Он легко вскочил на ноги и протянул Замире обе руки.
Молодой месяц робко дрожал в синей воде родничка. Первые звезды выглянули на небе, и острым снежным холодком повеяло с гор.
…На широкой площадке перед станом, обсаженной молодыми вишнями, собрались пастухи. За столом сидел старший чабан Афако, три года назад так неласково встретивший Замиру. Теперь он с гордостью называл ее «наша Замира». Он часто обращался к ней за советом, делился самыми сокровенными мыслями, говорил, что сожалеет лишь о том, что человеку дана только одна жизнь. «Небось, в коммунизме, на большом пиру забудешь меня помянуть, Замира, а?»
К столу подошла старуха, жена Афако.
— Я хочу первая подписаться под этой бумагой, где люди протестуют против войны, — сказала она. Замира подала ей стул, но она не села. Одной рукой она оперлась о край стола, другой сняла с головы черную повязку и бросила ее на землю, как это делают пожилые осетинки в самых торжественных случаях. Пастухи, тесно сидевшие вокруг стола, встали и сняли шапки. Мальчик-подпасок поднял платок и положил на стол. — Я хочу сказать, потому что писать не умею. Пусть мои слова под этой бумагой напишет Замира — ей предстоит скоро стать матерью. Я дочь пастуха, родилась в кутане. И замуж вышла за пастуха, и сына родила в кутане в ту ночь, когда над миром всходило солнце новой жизни, когда Ленин сказал всем пастухам: «Боритесь настанете людьми…» Война убила моего сына, который учился в Москве. Война осиротила Замиру. Я не хочу, чтобы матери оплакивали убитых детей. Я не хочу, чтобы дети оставались без отцов. Я не хочу, чтобы невесты оплакивали женихов, жены мужей, сестры братьев. Я хочу, чтобы дети учились, чтобы каменщики строили красивые дома, чтобы там, где когда-то было горе, всегда светило солнце…
Она взяла лист бумаги и, высоко подняв его, призывно протянула вперед.
К столу, как в час торжественной клятвы, один за другим подходили пастухи и ставили свои подписи…
Небо дрожало синей россыпью звезд. Серебром отливала роса на ромашковых лугах.
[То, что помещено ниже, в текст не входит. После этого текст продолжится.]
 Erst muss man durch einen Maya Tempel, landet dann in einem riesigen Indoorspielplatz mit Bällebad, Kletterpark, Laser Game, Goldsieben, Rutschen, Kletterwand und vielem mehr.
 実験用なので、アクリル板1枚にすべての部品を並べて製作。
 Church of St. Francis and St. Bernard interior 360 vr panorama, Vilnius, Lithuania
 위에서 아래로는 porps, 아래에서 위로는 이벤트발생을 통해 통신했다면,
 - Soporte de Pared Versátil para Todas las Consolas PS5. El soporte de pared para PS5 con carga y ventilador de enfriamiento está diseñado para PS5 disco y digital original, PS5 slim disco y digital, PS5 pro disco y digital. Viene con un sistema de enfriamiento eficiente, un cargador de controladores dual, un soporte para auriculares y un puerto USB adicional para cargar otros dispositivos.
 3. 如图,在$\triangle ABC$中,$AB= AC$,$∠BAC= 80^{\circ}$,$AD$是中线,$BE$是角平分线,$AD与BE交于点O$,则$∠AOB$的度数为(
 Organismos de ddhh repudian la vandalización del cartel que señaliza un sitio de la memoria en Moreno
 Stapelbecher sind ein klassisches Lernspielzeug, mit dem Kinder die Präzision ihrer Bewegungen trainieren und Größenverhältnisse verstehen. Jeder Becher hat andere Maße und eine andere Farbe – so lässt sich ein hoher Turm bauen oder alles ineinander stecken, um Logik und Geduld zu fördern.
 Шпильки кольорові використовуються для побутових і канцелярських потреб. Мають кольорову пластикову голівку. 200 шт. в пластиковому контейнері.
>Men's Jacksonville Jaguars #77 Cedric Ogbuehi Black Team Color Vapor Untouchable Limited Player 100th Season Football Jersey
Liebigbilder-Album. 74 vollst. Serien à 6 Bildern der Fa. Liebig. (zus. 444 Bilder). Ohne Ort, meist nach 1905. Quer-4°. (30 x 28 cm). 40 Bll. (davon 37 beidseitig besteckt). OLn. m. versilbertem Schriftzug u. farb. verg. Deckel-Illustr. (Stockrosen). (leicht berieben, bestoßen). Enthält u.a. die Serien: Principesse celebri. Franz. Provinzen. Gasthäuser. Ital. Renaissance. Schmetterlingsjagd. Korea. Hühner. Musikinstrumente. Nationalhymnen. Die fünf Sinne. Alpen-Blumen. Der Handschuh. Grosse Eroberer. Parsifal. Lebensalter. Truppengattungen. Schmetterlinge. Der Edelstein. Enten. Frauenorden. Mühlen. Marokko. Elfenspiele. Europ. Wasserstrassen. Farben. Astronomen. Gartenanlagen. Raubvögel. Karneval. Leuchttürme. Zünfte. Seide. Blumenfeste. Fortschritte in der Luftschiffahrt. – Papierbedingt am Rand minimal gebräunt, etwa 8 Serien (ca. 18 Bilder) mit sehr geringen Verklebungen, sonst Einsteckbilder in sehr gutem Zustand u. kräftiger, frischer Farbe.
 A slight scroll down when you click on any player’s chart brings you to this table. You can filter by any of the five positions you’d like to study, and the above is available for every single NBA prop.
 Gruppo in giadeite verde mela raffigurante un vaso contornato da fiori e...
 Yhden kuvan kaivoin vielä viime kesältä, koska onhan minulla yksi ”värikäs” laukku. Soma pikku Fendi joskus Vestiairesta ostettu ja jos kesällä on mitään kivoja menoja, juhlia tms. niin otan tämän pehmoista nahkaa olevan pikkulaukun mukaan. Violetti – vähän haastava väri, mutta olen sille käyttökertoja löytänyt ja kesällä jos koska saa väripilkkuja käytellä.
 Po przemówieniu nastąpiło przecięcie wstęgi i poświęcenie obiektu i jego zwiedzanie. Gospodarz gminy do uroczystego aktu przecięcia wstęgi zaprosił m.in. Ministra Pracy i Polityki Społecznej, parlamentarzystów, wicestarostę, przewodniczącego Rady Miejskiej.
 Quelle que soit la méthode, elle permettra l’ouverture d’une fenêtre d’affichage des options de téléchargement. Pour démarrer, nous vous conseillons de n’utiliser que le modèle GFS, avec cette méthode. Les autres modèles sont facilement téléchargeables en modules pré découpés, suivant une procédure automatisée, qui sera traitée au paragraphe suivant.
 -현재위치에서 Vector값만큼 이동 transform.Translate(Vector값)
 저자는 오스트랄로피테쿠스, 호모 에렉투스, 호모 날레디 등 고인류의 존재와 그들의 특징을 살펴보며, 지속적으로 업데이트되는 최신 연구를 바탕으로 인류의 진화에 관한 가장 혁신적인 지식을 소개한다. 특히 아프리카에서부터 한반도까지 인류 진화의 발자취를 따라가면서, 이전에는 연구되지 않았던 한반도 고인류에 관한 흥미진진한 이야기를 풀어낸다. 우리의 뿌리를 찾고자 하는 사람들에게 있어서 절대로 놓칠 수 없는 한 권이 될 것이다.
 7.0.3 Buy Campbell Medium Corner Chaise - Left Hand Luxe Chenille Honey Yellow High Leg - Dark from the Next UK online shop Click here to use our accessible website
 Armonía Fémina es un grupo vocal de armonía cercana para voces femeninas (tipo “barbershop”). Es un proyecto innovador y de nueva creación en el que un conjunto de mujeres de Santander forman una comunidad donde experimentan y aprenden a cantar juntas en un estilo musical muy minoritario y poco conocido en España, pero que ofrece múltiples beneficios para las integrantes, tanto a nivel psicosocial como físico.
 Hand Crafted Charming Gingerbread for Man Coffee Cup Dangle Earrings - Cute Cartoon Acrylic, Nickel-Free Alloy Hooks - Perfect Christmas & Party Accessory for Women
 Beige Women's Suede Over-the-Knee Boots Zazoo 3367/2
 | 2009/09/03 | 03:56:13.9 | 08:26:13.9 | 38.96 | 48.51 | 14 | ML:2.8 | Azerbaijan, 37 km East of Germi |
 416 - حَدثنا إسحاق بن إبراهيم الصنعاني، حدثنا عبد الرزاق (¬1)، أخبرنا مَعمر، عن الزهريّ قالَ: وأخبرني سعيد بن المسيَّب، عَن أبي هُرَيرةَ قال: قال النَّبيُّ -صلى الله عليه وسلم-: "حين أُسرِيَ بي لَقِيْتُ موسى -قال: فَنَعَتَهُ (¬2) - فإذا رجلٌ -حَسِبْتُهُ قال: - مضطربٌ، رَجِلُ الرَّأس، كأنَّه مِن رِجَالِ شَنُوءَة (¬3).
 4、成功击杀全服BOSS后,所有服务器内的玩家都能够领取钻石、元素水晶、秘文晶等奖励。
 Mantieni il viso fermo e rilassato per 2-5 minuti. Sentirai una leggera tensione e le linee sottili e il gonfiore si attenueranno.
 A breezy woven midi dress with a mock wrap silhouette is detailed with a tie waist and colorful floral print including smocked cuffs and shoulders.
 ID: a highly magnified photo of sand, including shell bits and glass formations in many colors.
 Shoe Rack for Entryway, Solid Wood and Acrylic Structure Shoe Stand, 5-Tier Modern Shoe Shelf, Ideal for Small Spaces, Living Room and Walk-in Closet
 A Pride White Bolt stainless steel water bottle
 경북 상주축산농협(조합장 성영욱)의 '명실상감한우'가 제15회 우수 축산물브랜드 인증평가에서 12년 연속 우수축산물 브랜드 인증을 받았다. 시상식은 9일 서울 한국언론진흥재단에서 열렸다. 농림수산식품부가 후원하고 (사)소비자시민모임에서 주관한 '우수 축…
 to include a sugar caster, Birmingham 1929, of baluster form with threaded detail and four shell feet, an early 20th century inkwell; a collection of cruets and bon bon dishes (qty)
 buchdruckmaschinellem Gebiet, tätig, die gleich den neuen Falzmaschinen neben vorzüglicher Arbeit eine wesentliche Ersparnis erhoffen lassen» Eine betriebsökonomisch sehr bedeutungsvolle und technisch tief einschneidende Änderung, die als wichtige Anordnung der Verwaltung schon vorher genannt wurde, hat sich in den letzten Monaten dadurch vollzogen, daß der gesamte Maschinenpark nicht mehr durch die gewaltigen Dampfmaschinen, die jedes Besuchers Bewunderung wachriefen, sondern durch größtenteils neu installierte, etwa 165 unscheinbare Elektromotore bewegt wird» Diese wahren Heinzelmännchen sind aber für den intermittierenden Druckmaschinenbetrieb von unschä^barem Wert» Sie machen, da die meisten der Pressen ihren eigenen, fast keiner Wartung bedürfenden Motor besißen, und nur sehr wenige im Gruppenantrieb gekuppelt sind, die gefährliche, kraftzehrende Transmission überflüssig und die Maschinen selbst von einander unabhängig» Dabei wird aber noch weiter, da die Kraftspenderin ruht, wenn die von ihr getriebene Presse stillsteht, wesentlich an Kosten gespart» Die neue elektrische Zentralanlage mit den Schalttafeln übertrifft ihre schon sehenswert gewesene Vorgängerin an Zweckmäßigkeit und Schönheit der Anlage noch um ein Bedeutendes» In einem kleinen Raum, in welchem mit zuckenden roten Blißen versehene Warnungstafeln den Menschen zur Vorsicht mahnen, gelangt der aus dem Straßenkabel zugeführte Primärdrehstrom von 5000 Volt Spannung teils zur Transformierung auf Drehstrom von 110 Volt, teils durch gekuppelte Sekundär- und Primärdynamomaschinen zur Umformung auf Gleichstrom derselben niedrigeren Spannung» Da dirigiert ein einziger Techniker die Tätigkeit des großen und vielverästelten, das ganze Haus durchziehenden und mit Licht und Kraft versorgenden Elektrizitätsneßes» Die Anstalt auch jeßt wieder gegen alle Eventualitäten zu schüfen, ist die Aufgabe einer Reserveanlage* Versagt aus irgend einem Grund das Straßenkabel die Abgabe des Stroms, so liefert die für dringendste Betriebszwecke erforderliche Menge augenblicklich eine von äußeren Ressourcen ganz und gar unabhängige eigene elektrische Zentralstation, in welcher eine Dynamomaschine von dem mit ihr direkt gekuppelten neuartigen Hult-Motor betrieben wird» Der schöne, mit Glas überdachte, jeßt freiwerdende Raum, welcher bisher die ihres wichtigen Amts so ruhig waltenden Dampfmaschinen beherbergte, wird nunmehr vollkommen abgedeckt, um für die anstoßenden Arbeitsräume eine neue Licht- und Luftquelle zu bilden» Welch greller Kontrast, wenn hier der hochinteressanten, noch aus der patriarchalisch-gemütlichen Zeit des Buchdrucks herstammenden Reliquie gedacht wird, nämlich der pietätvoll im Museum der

Замира лежала на спине. Подушка жгла ей голову, и она то и дело переворачивала ее.
— Мне страшно, нана[12].
Старуха сидела рядом и большой белой рукой гладила ее разбросанные волосы.
— Потерпи немного, уже ягнята заблеяли — это к рассвету.
Замира приподняла голову и посмотрела в окно. На темном предрассветном небе большая яркая звезда рассыпала вокруг себя голубоватые дрожащие снежинки.
Тяжело опуская голову на подушку, Замира облизнула сухие воспаленные губы и прошептала:
— Ох, больно мне, нана, трудно…
— Скоро утро, — певуче сказала старуха.
Она опустилась на колени перед кроватью, провела рукой по щекам Замиры, пригладила ее волосы и ровным тихим голосом продолжала, как бы убаюкивая:
— Кричи, милая, кричи, не стесняйся, это право роженицы… Потому и неугасима любовь матери, что ребенок ей в великих муках достается… Скоро утро, повезут тебя в больницу, белую, как снег, чистую, как сама любовь матери. Вспоминаю, как я родила своего сына. Была зима, февраль. В это время, сама знаешь, овцы уже котятся. Лет мне было гораздо меньше, чем тебе сейчас, и рожала я не в белой больнице, а в темном пастушьем шалаше, на соломе, прикрытой войлоком. Теперь у тебя, ма хур, овцы котятся в лучших условиях, чем женщина рожала тогда…
Замира притихла. Медленная певучая речь старухи успокаивала ее.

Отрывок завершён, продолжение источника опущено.